When my writing process encountered the ordeal of grief, I stubbornly sought how to "write without words." 
  - say the unspeakable, create the work of disappearance, engender the form of absence, represent silence.

 Devastated by the scar on an old white fabric left by the repeated act of "darning," I decided to engage my writing process in this silent act of repair. I cut out a small square of old white cloth. I removed a thread: this was my way of darning. 
Since then, I have continued to unweave. 
In this process, which has taken on meaning over the course of the gesture, I have sometimes added threads, drawn squares repetitively and obsessively, sewn seeds, and experimented with color. 
Then it was necessary to reduce, to make minimal - how almost nothing is all. 
White on white 

  a process in search of destitution and silence. Bare of words, tending towards stripping - where to situate the permanent questioning of how to be related to, absence and death - a work that unweaves itself // embroiders itself, heals. 

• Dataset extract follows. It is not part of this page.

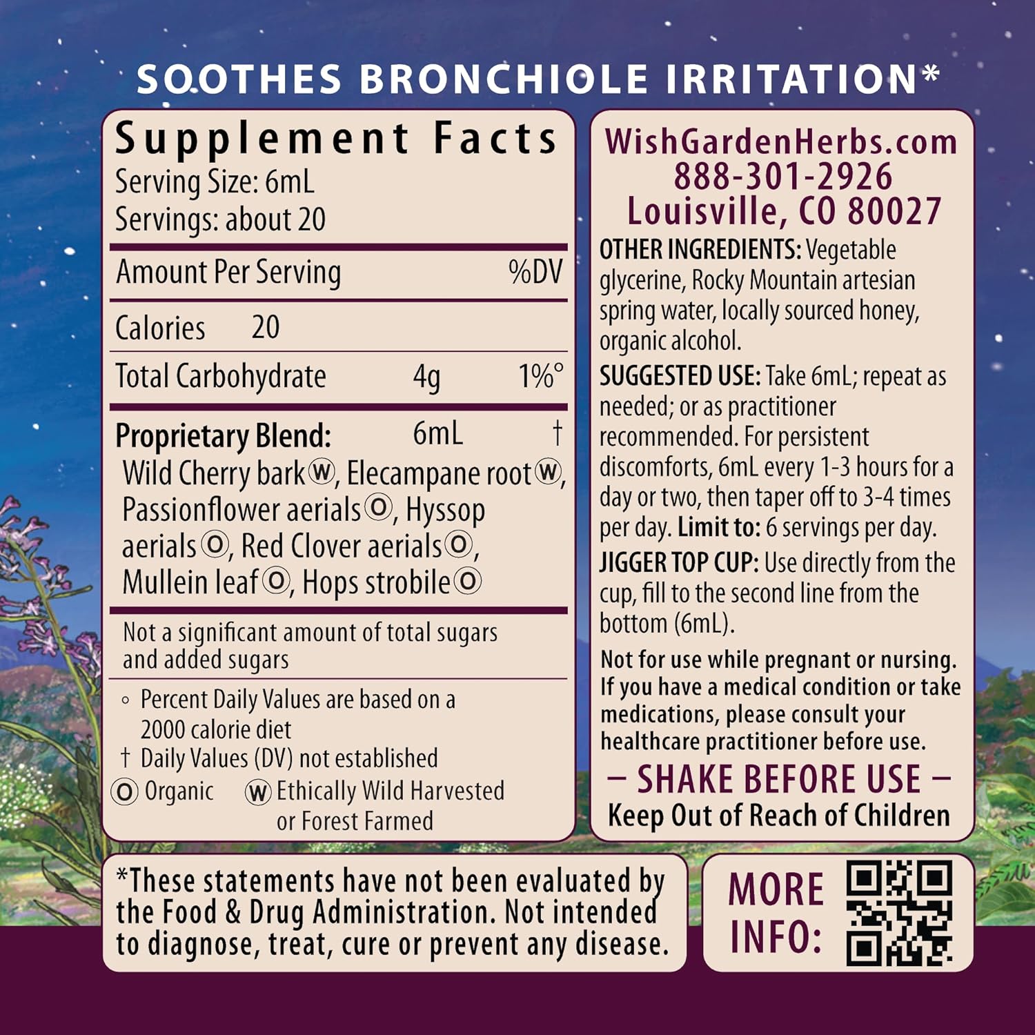 - SUPERIOR NIGHTTIME COUGH SYRUP AND COUGH SUPPRESSANT FOR ADULTS SYMPTOM SOOTHER: This natural cough syrup herbal formula is designed to quiet dry coughs, spasmodic coughs, or rhythmic coughs while soothing tired and sore throats and supporting restful sleep. WishGarden Serious Cough PM Soothing Syrup supports lung health and bronchiole irritation in one powerful cough syrup for adults. Our proprietary blend contains herbs that provide natural expectorant mucus relief and cough suppressant.

engage the gesture in what existence imposes - dispossession  // consider the thread as permanent impermanence, as we connect and separate ourselves from beings and the world. The interruption in repetition / the barely perceptible. 
The minimal, slow gesture, which removes thread after thread, makes absence an act, Creates a bodily reflection on disappearance/discontinuity and invites a new space of coexistence: tangent, absent, autonomous, intersecting lines, steles. 
Each fabric exhibits its fragility and demands attentive presence and observation. It is, in a way, a tribute to the departed and to life. Where our solitude engages us in the world.